I also really love that in the eating disorder field, there is such an important role for looking at systemic factors that contribute to disordered eating and supporting people in unlearning what they’ve been taught about needing to control their body size or needing to strengthen their bodies. In many ways, eating disorder recovery is about rejecting oppressive values in our culture and really living according to your own values.

Spencer: Historically, what have been the standard approaches to treating eating problems, and what are some of their limitations?

Collings:  One traditional approach, historically, has been separating people from their families and assuming that family is the sole cause of eating disorders, just treating the person with the eating disorder as just an individual. A limitation of that is that families can be really helpful sources of support in someone’s recovery, and it can be really valuable to include them.

I do think it’s important to acknowledge that families do sometimes contribute to eating disorders because of their own eating habits, their own beliefs about body size, but when families are willing to recognize that and unlearn it, that can be an incredibly healing process.

Spencer:  There were some sensational made-for-TV movies a couple of decades ago where someone with an eating disorder is hospitalized and force-fed.  Is that no longer done? Was it ever?

Collings: I think it’s significantly less common than the media portrays it to be. It’s a lot more common, unfortunately, for people with eating disorders to not even have their eating disorders recognized or get treatment at all. But I think that’s often because we have this idea that if someone is not “underweight” according to the BMI, or really emaciated looking, then they’re not struggling, or their eating disorder isn’t severe.

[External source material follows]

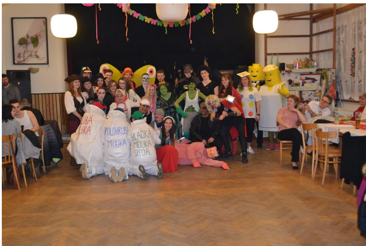
Masky na šibřinkové zábavě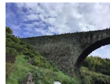
通潤橋を渡っている4年生

So, medical providers, mental health providers, often just don’t recognize that, or it’s trivialized.

Spencer: What are some of the approaches that you like to use? And does your lived experience with the problem inform how you interact with your clients?

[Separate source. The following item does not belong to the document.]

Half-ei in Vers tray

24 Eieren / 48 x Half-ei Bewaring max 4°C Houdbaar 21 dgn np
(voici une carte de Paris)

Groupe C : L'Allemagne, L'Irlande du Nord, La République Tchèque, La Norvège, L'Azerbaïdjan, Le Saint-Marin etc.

Collings: I primarily use feminist therapy. I believe it’s important to explore the systemic and cultural factors that contribute to eating disorders, which is what feminist therapy is about. It’s exploring, obviously, the effects of misogyny and patriarchy on our mental health, but also other forms of oppression, systemic racism, transphobia, homophobia, all sorts of different forms of bias that we have, with eating disorders. Fat phobia and weight stigma are really relevant. So, I typically use that lens to explore what the impact of that has been in people’s lives and how that is affecting their relationship with food.

My work is also informed by an approach called Body Trust, which is a paradigm that emphasizes unlearning oppressive messages about our body and about weight, and as its name suggests, trusting our body to regulate its weight and regulate our eating and be the size and shape that our bodies need to be without us needing to really control it and without us needing to prescribe a set of norms or values around it.

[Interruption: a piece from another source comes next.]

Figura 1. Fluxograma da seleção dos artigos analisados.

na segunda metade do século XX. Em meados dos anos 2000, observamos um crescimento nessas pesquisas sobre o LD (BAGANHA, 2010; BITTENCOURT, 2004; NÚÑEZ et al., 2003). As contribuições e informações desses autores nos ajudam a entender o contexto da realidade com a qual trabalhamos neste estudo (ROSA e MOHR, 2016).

I work a lot on externalizing shame. A lot of people with eating disorders and disordered eating tend to blame their bodies and punish their bodies for issues that our culture creates. So, I emphasize externalizing that and placing the blame in systems that have told us that our bodies are wrong, rather than punishing our bodies.

Spencer: Why don’t you tell us more about the Health at Every Size paradigm?

Collings: It’s an evidence-based [practice] for treating eating disorders. It recognizes that weight is not indicative of health. So, it looks at body size diversity as just a natural part of diversity. Just like we’re meant to be different heights, different hair colors and skin colors, we’re meant to have different-sized bodies. Some people are meant to have larger bodies, and some people are meant to have smaller bodies. And that is okay. It acknowledges that weight stigma is actually more dangerous and carries more risk than being at a higher body weight.

I do know this goes against what a lot of people have been told, that being at a higher weight carries risk or is associated with many different health problems. But Health at Every Size recognizes that many of the health issues that we may associate with being at a higher weight may very well be due to weight stigma. It also recognizes the efforts to control our weight can be very damaging and have significant impacts, and some of those efforts may actually account for some of the health issues that we typically attribute to being at a higher weight.

People in larger bodies are often prescribed eating-disordered behaviors, such as dieting and restricting—even compensatory behaviors like the things that are called detox. For people in larger bodies, that may be seen as a healthy behavior, but for people in smaller bodies, that may be seen as bulimia or anorexia. So, Health at Every Size recognizes that some of the health issues that we associate with being at a higher weight may result from some of those disordered eating behaviors that we often prescribe or see as valuable or good.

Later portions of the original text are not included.